First of all, consider recorded seismic traces for positions along the earth's surface and reverse the signals in time. These become the time-varying seismic boundary values at the earth's surface.

Next, propagate these seismic recordings back into the depths - back to the reflecting points from which they originated - by using the same wave equation algorithm that we used in forward modeling. We use half the wave velocity since the propagation is one-way. In other words, we "depropagate" the seismic waves back to the reflecting surfaces in depth.

The imaging method is as general as the form of the wave equation that is used.

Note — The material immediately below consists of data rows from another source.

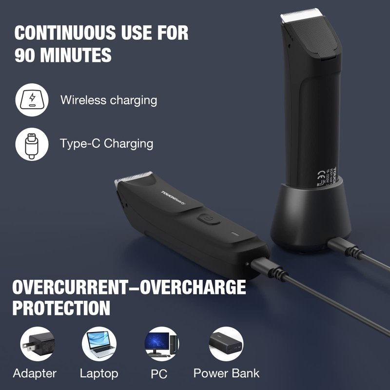 - 【Newly upgraded wireless charger base】For your more convenient use of this body hair groomer, we have specially upgraded two charging methods, wireless and Type-C. You can even charge the Groin Hair Trimmer with a computer, laptop or power bank. After fully charged can it be used continuously for 2 Hours, which completely solves the annoyance of repeated charging of old-fashioned body hair trimmers.
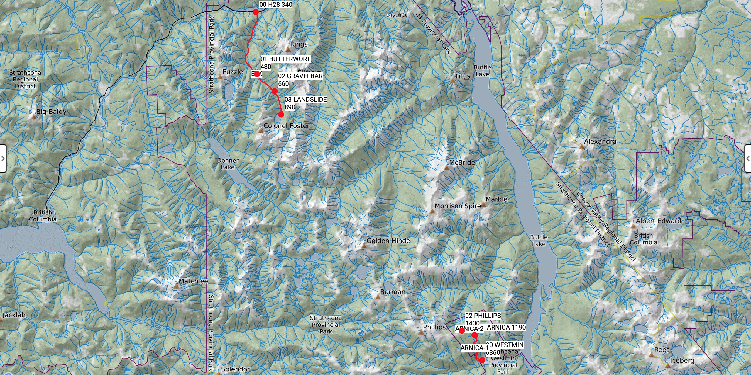I returned from a three-day solo mission into the heart of Strathcona Park. My original objective was to camp two nights at Arnica Lake and survey terrain for future trips on the Golden Hinde Traverse and around the Phillips Ridge Horseshoe. My actual trip expanded into two separate adventures along both ends of the Golden Hinde Traverse. Day one, I hiked up the Phillips Ridge Trail to Arnica Lake for my first night. I explored Phillips Ridge for a couple of kilometres beyond the lake. Day two, I descended back to the mine site and drove up Buttle Lake to the Elk River Trailhead. I backpacked into Butterwort Camp for my second night. Day three, I hiked up to Landslide Lake and back out to the trailhead. Highlights included near perfect weather, surveying new terrain, and an early morning viewing of a mother black bear and her two cubs walking along the shoreline of Arnica Lake.
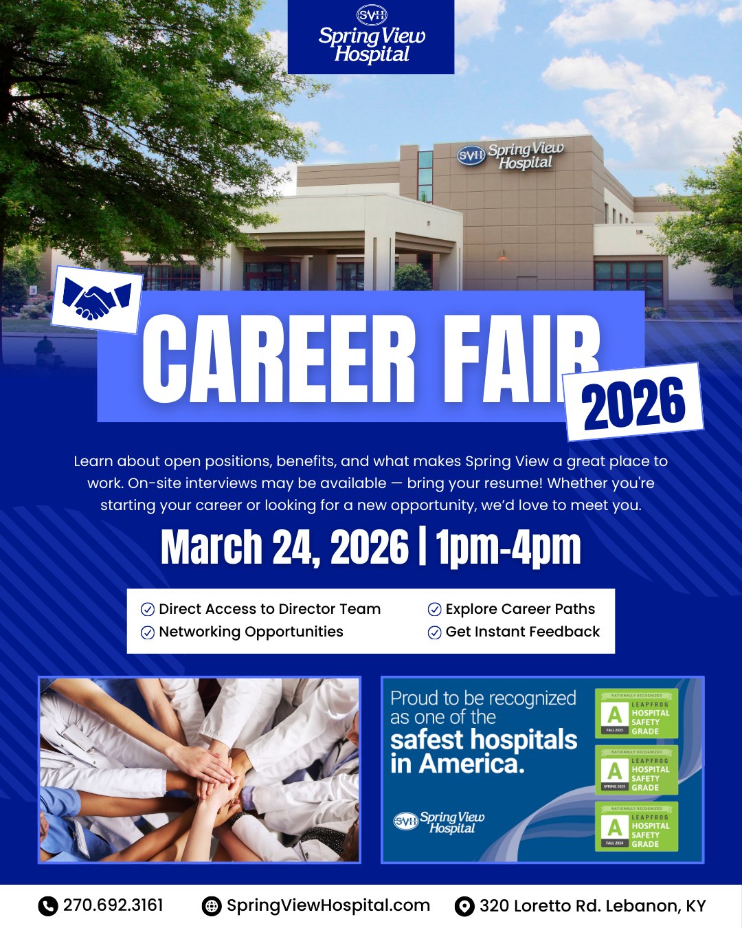 🎉 We’re excited to welcome YOU to Spring View Hospital’s 2026 Career Fair!

Almost all of the complexities of reverse-time wave equation migration in its various combinations of acoustic, elastic, 2-D, 3-D, anisotropic, multi-component forms have been described in several papers by George McMechan and his students at the University of Texas at Dallas.

In order to convince the explorationist of the power of reverse-time depth migration, we examine the salt pillow model example shown in Figure 3.

The seismogram at the top of this figure is not interpretable - except possibly for a few flat reflectors - since the unmigrated data does not have the dipping reflectors in their correct subsurface position. Recorded seismic traces are plotted in time directly below the source-receiver points, which is the correct position only for the case of flat reflectors.

In order to unravel the seismic reflector positions and place them in their true subsurface locations, we migrate the reflection energy back to the point in the subsurface where it originated.

In Figure 3, the depth image obtained by reverse-time migration provides a nearly perfect image of the desired geologic model.

Summary

For real data, depth migration is rarely this good due to the fact that we generally have only estimates of the seismic velocity with which to depropagate the wavefields.

Although reverse-time migration is the most general of depth migration methods, it is usually the most expensive due to the fact that a complete solution to the wave equation is computed without approximations. Nevertheless, it is a beautiful computational technique that can be coded without great difficulty for general use in both forward modeling and seismic imaging.

We should not give the impression that reverse-time migration is restricted to seismic imaging. In fact, the November 1999 issue of Scientific American contains a paper titled "Time-Reverse Acoustics" by Mathias Fink, which describes several applications of acoustic time-reversal mirrors that have applications in medicine, material testing and marine acoustic communication.

In essence, "making waves" to produce useful images is a worthwhile occupation in many scientific pursuits.